Storicamente l’obiezione di coscienza nasce per motivi religiosi: dal rifiuto di Antigone di obbedire
all’ordine del tiranno Creonte, che le proibiva di seppellire il fratello, in nome degli agrapha dogmata, delle
leggi non scritte della giustizia e della pietà, al rifiuto dei martiri cristiani di prestare culto al genio
dell’imperatore, fino al rifiuto del giuramento in un processo o delle trasfusioni di sangue da parte di alcune
sètte. È indubbio però che, nel secolarismo proprio della cultura occidentale, essa si sia estesa anche a motivi
morali prima, come il rifiuto della violenza, specie quella delle armi, e a convincimenti filosofici poi, che
riguardano in senso ampio la concezione del mondo, dell’uomo e della storia, fatta propria dall’obiettore.
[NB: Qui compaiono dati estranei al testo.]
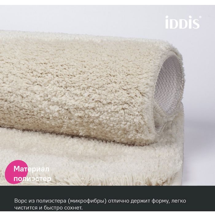 Мягкий коврик для ванной теплого бежевого цвета с плотным высоким ворсом (2 см), очень приятный на ощупь. Стриженый ворс из микрофибры отлично держит форму, легко чистится и быстро сохнет. Коврик подойдет для ванной и туалета. • Этот коврик в ванную противоскользящий: основа из экологичной термопластичной резины (TPR) позволяет не скользить на гладком и влажном кафеле. Подходит для использования в помещениях с теплыми полами. • Благодаря современным влагостойким материалам и качественной обработке краев коврик не потеряет яркости красок, не обветшает и надолго останется привлекательным как в день покупки. • Несложно ухаживать: разрешена деликатная стирка при температуре до 40 градусов с жидким моющим средством; не сушить на батарее, избегать солнечных лучей. Гарантия на текстильные аксессуары Iddis® – 1 год. (с) Авторский текст, август 2023 г.
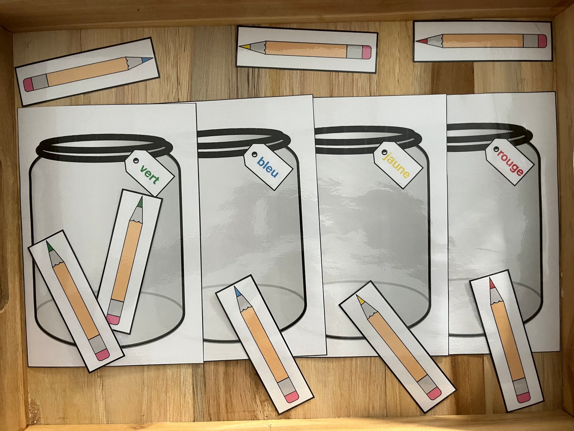 Vous devez retrouver le crayon de couleur correspondant au bon pot de couleur !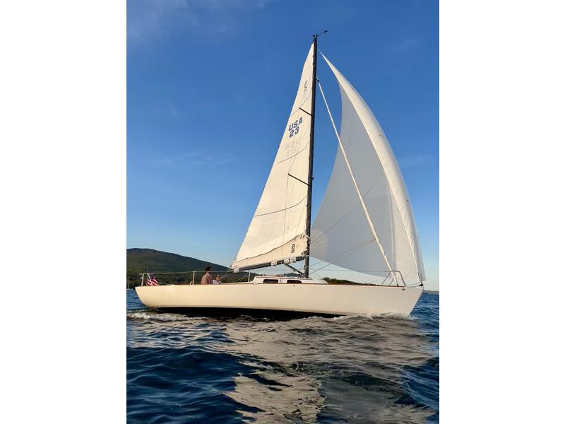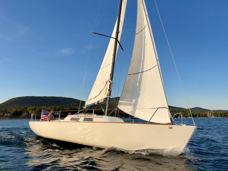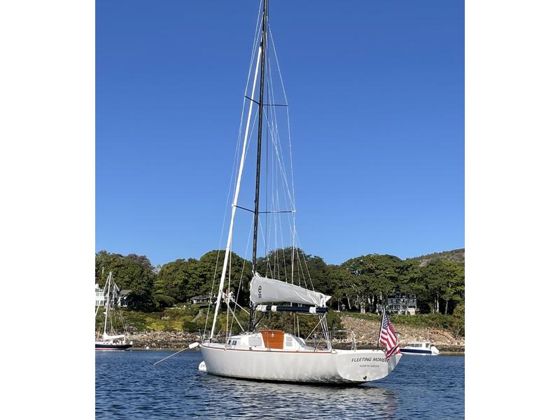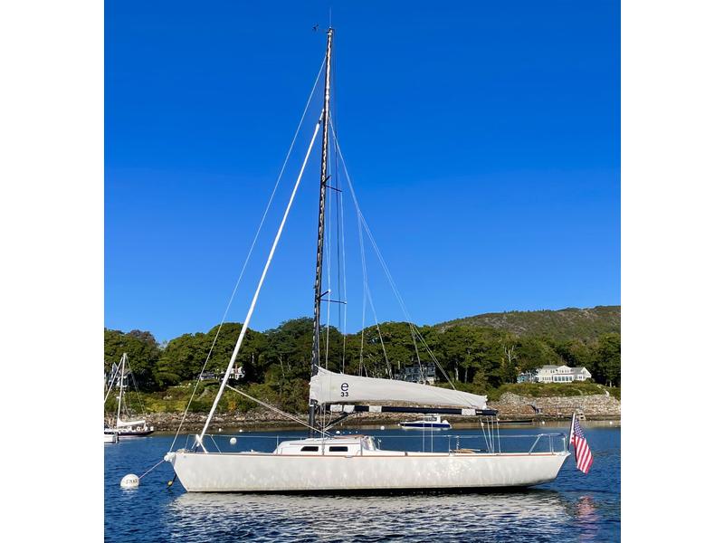 Fleeting Moment is a truly fine example of an e-33, one of the best performance daysailors you could hope to sail. She has been serving her sole owners exceedingly well since her 2011 launch, sailing the waters of the Fox Islands and Penobscot bay as a professionally maintained family daysailer. The e-33, developed by E Sailing Yachts founders Robbie Doyle and designer Jeremy Wurmfeld with a goal of usability, comfort and performance. Their vision was executed in the highest quality by the builders at Lyman-Morse in Thomaston Maine. The result is the perfect Grand Tourer of the yacht world. Incredibly comfortable, stable and safe for guests, she inspires confidence in all who enjoy her. She also is a high performance race boat, a performance level which is incredibly accessible to anyone who takes their turn at the light and balanced helm. Not to mention she is beautiful whether healing under sail, or sitting on the mooring. This boat's design was all about solutions, never a compromise. These thoughtful solutions are clear at every glance. Fast, efficient, and stable begins below the waterline, with a keel design that slopes slightly aft to reduce catching lines, and a large efficient rudder. Above the water, the topsides shine with luster and a beautiful, subtle sheer and cabin trunk line, all complimented with the perfect amount of varnished teak. The cockpit stretches an expansive 16 with ample seating for 6 in the working cockpit and two additional lounging on the cushioned aft deck. The Seldon Spars carbon masts backswept spreaders eliminate the need for a backstay, paired with aluminum boom with internal advantage for macro and micro sheeting, as well as for the one line reefing, provide intuitive and simple sail control. No winches are needed for trim and tacking. All sails are in perfect condition with annual service and cleaning. A Navtec system for controlling the hydraulic headstay tensioner sits in the cockpit and allows for easy and precise mainsail trimming. Below, four efficient berths and a plumbed marine head, provide simple a |

Com’è certo che essa si estenda anche a motivi politici, come l’anarchia o l’internazionalismo: da un lato,
infatti, questi appartengono certamente a quella sfera dei liberi convincimenti interiori che potremmo
chiamare «filosofici», dall’altro pare che in tal modo l’obiettore si sottragga al dibattito politico e al gioco
democratico, il quale prevede che la maggioranza approvi leggi, e quindi dia indirizzi politici vincolanti
anche per la minoranza o i dissenzienti.
Vale ancora la pena di rilevare che, mediante l’obiezione di coscienza, il singolo non pone in essere un
atto negativo, ossia un semplice rifiuto: egli, etimologicamente, pro-testa, ossia rende testimonianza a favore
di una verità da lui ritenuta più grande, più vincolante, più alta dei comportamenti contingenti e fallibili
previsti dalle leggi umane. In questo senso, specialmente quando ne sono subite le conseguenze negative,
che a volte sono o sono state assai pesanti - Tommaso Moro pagò con la vita la ribellione a Enrico VIII, ma
anche molti altri hanno eroicamente subìto la morte, il carcere o altre pene per testimoniare la verità in cui
credevano -, l’obiezione può assumere il significato profano di una proclamazione di libertà, della
incomprimibilità della persona umana a semplice «esecutore» di ordini statali, ovvero quello religioso della
profezia, la proclamazione solenne che «bisogna obbedire a Dio piuttosto cha agli uomini» ( At 5,29).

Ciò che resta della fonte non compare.